Der vom Finkenwerder e.V. verliehene Preis wird von der Firma Airbus gestiftet.1 Airbus ist der zweitgrößte Waffenhersteller in Europa und der zwölftgrößte der Welt.2 Das Unternehmen produziert sowohl Verkehrsflugzeuge als auch Kampfflugzeuge, Waffentransporter und Drohnen, die die europäischen Grenzen überwachen und kontrollieren.3
Waffenhersteller, wie Airbus, profitieren vom Krieg.

Die Studierendenvertretung problematisiert das seit zwei Jahren im Hochschulsenat: Die HfBK argumentiert, dass sie 1. das Geld nicht direkt von Airbus, sondern vom Finkenwerder e.V. erhält und 2. dass das Geld nicht aus der militärischen Sparte, sondern aus der zivilen Flugzeugsparte „Airbus Operations GmbH“ kommt.
Wir meinen: Auch wenn die HfBK behauptet, dass das Geld nicht direkt von Airbus kommt, werden Ausstellung, Veröffentlichung und Preis eindeutig mit diesem Geld finanziert - und die HfBK bewirbt es auch deutlich so.4 Darüber hinaus halten wir es für höchst fragwürdig, dass die Aufteilung innerhalb von Airbus zwischen „zivil“ und „militärisch“ nicht nur eine als eine Formalität ist. Aus unserer Sicht ist es wahrscheinlich, dass die „zivile“ Firma mit Sitz in Hamburg Finkenwerder, die „Airbus Operations GmbH“, militärische Teile und Komponenten verarbeitet, die für eine spätere militärische Nutzung vorbereitet werden.5
Es ist sehr wahrscheinlich, dass Airbus Synergien zwischen seinen Geschäftsbereichen anstrebt. So oder so, selbst wenn eine solche Trennung vorläge - was sehr unwahrscheinlich ist - trägt die HfBK immer noch dazu bei, Airbus als rein ziviles Unternehmen darzustellen, und verschleiert eine seiner Haupteinnahmequellen. Hat die HfBK genug recherchiert, um ihre Behauptung einer solchen Trennung innerhalb von Airbus zu untermauern?

Es ist inakzeptabel, dass die HfBK ein Unternehmen, das Waffen herstellt, in der Öffentlichkeitsarbeit unterstützt, unabhängig davon, wie großzügig dieses Unternehmen finanziell ist.
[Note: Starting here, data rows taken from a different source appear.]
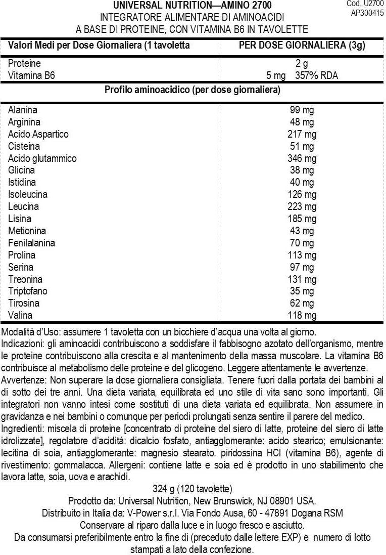 Universal’s amino 2700 is a high quality, sustained release amino acid formula packed with l-form and peptide bonded amino acids. Amino 2700 contains a full spectrum of essential, non-essential and conditionally essential amino acids. Our amino acids are derived from whey protein concentrate (wpc) and whey protein hydrolysate (wph) which allows for quicker assimilation into muscle tissue. Each tablet is packed with over 2,000mg of amino acids, and when taken prior to each meal, it becomes ideal for increasing overall amino intake throughout the day.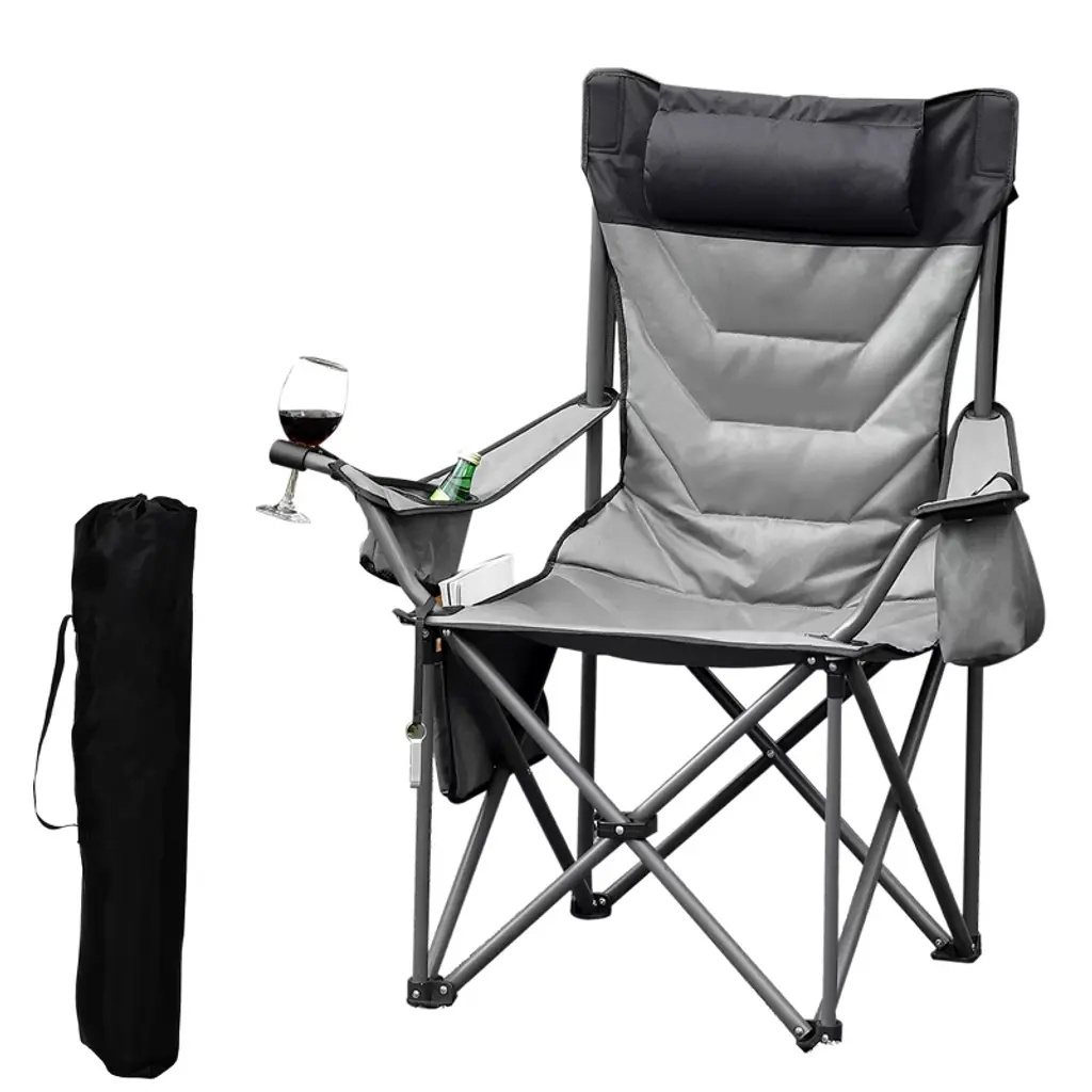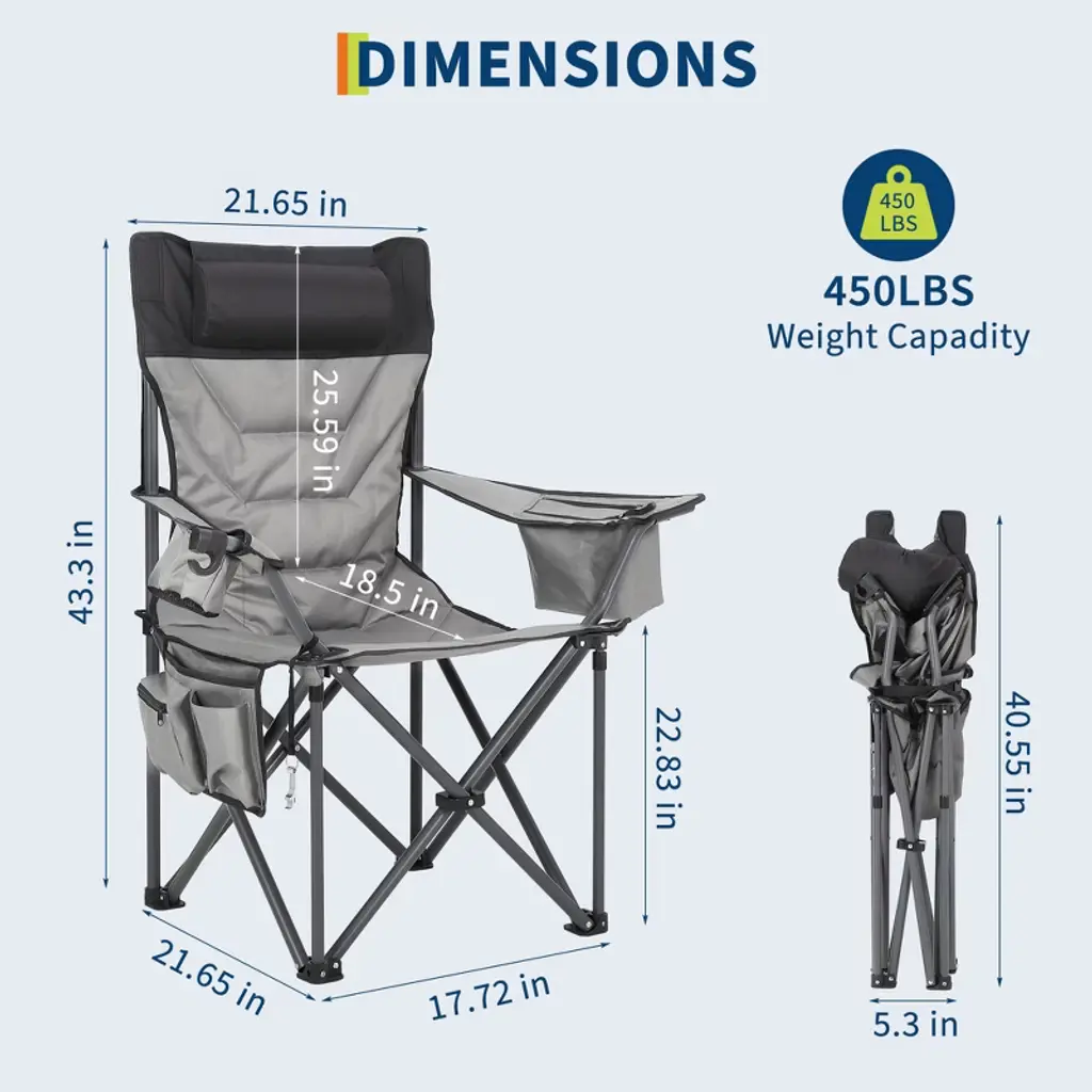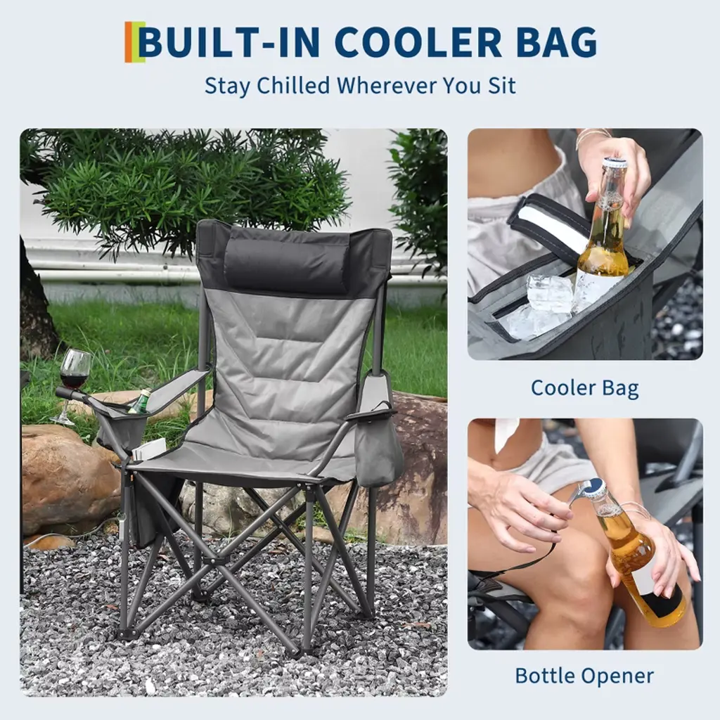 Oversized heavy-duty camping chair supports 500 lbs with steel frame and 600D fabric. Padded high back. Includes cooler bag, cup/wine holders, bottle opener, side pockets. Folds fast for easy carry.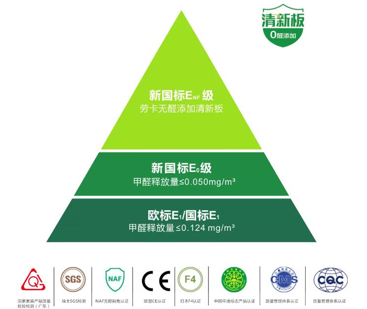 此次全新ENF级标准,比此前CARB-NAF标准的甲醛规定值还低了一半,打破了国际标准高于国内标准的惯例,成为目前全球最严苛环保标准,位于环保等级金字塔尖。

Kultureinrichtungen, die Veranstaltungen für Kriegsprofiteure ausrichten und von diesen finanziert werden, untergraben die künstlerische Integrität und entziehen in diesem speziellen Kontext den präsentierten Werken ihre Glaubwürdigkeit. Ein kritischer Diskurs über die gesellschaftliche Rolle und wirtschaftliche Funktion des Kultursponsorings durch die Rüstungsindustrie ist notwendig. Solche Partnerschaften dürfen nicht normalisiert werden.

Wir fordern, dass die HfBK die Beziehungen zu allen Rüstungsunternehmen kappt. Wir verurteilen nicht einzelne Künstlerinnen und Künstler für die Annahme von Fördermitteln, sondern fordern die HFBK als Institution auf, Grenzen für die Annahme von Partnerschaften zu setzen. Einzelne Künstler haben vielleicht nicht die Mittel, ihre Finanzierungsquellen zu wählen, aber die Institution schon. Wir hoffen auch, dass sich Dialoge eröffnen und, dass das ethische Dilemma problematisiert werden kann, in dem sich arbeitende Künstler:innen befinden, die unter prekären finanziellen Bedingungen versuchen, im Kapitalismus zu überleben. Wie können wir uns als arbeitende Künstler:innen organisieren, damit sich diese Fragen nicht auf die individuelle Ethik beschränken, sondern zu strukturellen Veränderungen führen?